I've never heard of such a thing. What State are you in?


----------



## ryansj (Dec 31, 2009)

I am in the great state of Idaho.


----------



## ryansj (Dec 31, 2009)

I took some tin snips and cut the metal clips as close to ear as I safely could. They were pretty easy to pull through at that point.


----------



## Rex (Nov 30, 2008)

Boy! That would tick me off bad enough to tag the Vets ear!

The Idaho requirements for identification are only for Scrape, which by the way, is a federal requirement. It is only necessary for breeding stock being sold. In other words, if you sell a doe or buck for breeding purposes the state will assign you a herd ID number and you must identify each breeding animal you sell with that number. It can be an ear tag or tattoo. As long as the animal is on your place it is not required to be marked. Wethers are not required to have a tag or marking of any sort at any time in Idaho.
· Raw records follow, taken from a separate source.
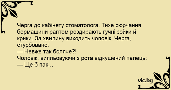 Черга до кабінету стоматолога. Тихе сюрчання бормашини раптом роздирають гучні зойки й крики. За хвилину виходить чоловік. Черга, стурбовано: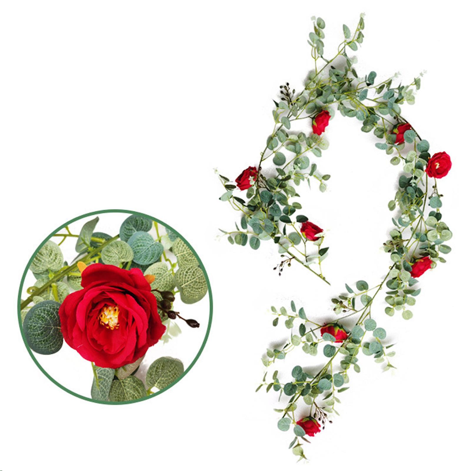 LCP 1.85m Artificial Rose Eucalyptus Vine Leaves Garland Photo Props Hanging Decor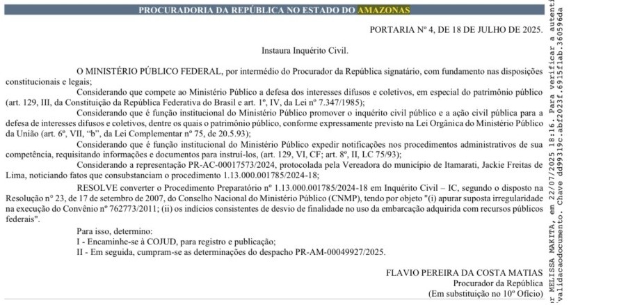 De acordo com a publicação feita no Diário Oficial do órgão, o MPF instalou um inquérito civil público e uma ação civil pública para investigar danos ao erário e ao patrimônio público em Itamarati.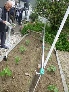 きゅうりの苗にネットをかけました。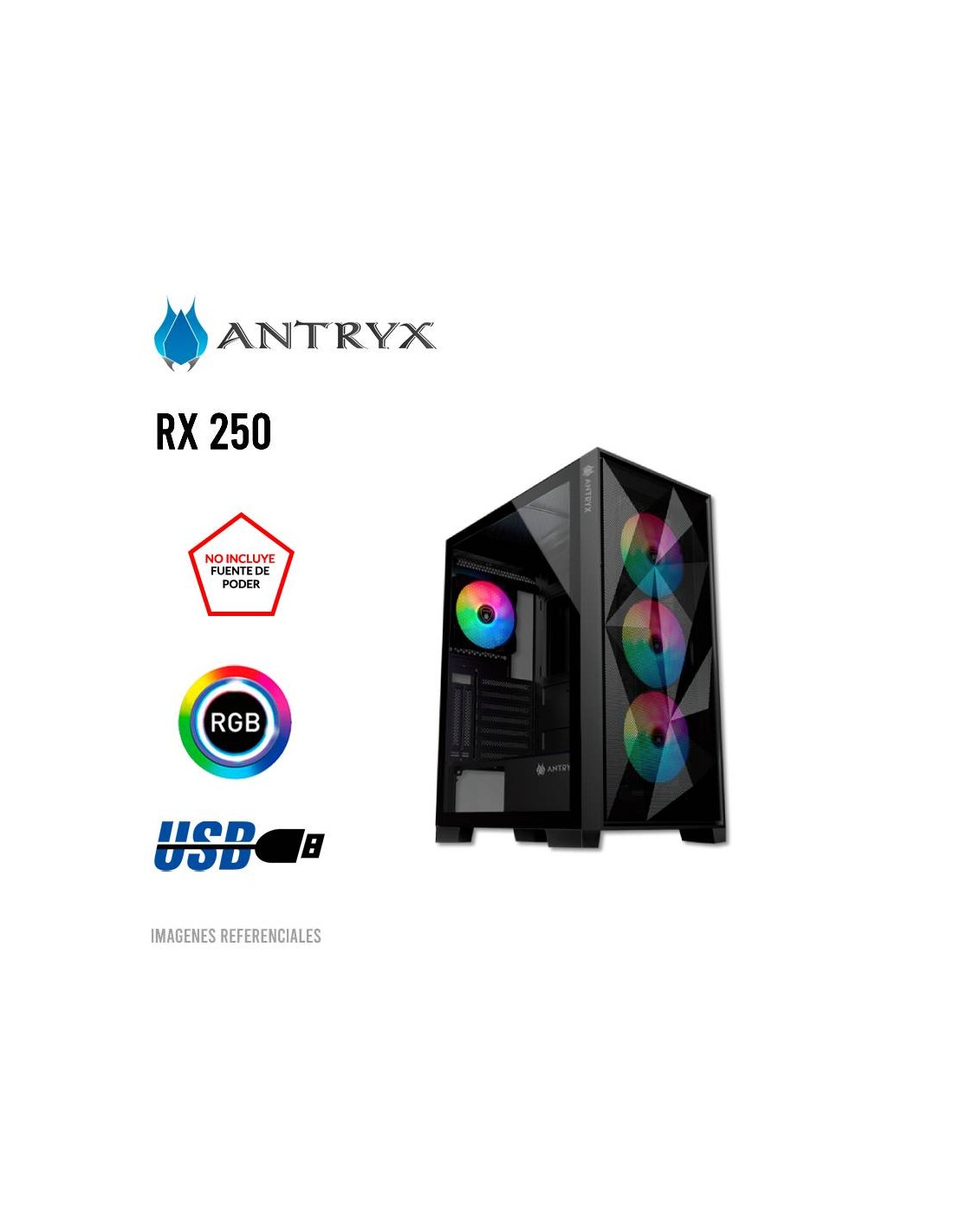 CASE ANTRYX RX 250 BLACK ( AC-RX250KFR ) S/FUENTE | VIDRIO TEMPLADO | 4 FIXED-RGB

You said "he" when referring to the goat so I assume it was a wether. I'd make a call to the Vets office and tell him to call the Idaho Sheep commission and get his facts straight before he tags anyone elses goat for no reason.


----------



## Hasligrove (Dec 10, 2008)

I second that!!! I would be so mad!! I got my boys tattooed so it would be easier with health certificates so they would have an indavidual ID. I also just registered my boys with the American Dairy Goat Association (haven't even gotten the paperwork back yet)- they have a wether ID program. But I've heard stories of getting those ear tags caught on something and ripping out or even another goat ripping it out of the ear.

Well---there is no way in heck I'd pay for what your vet did. To me that is an unauthorized service or procedure and I wouldn't pay for it...just think the mess that vet would be in if it was a human Dr.


----------



## ohiogoatgirl (Jan 31, 2010)

oh my lord!  :shock:  i would have clipped his ear and said "if you want to rip it out thats YOUR business" :!: i cant believe someone would just do that!


----------



## Herb (Dec 12, 2008)

The metal clips are a bad deal on goat ears. The goats will most likely snag them on something and rip them out.


----------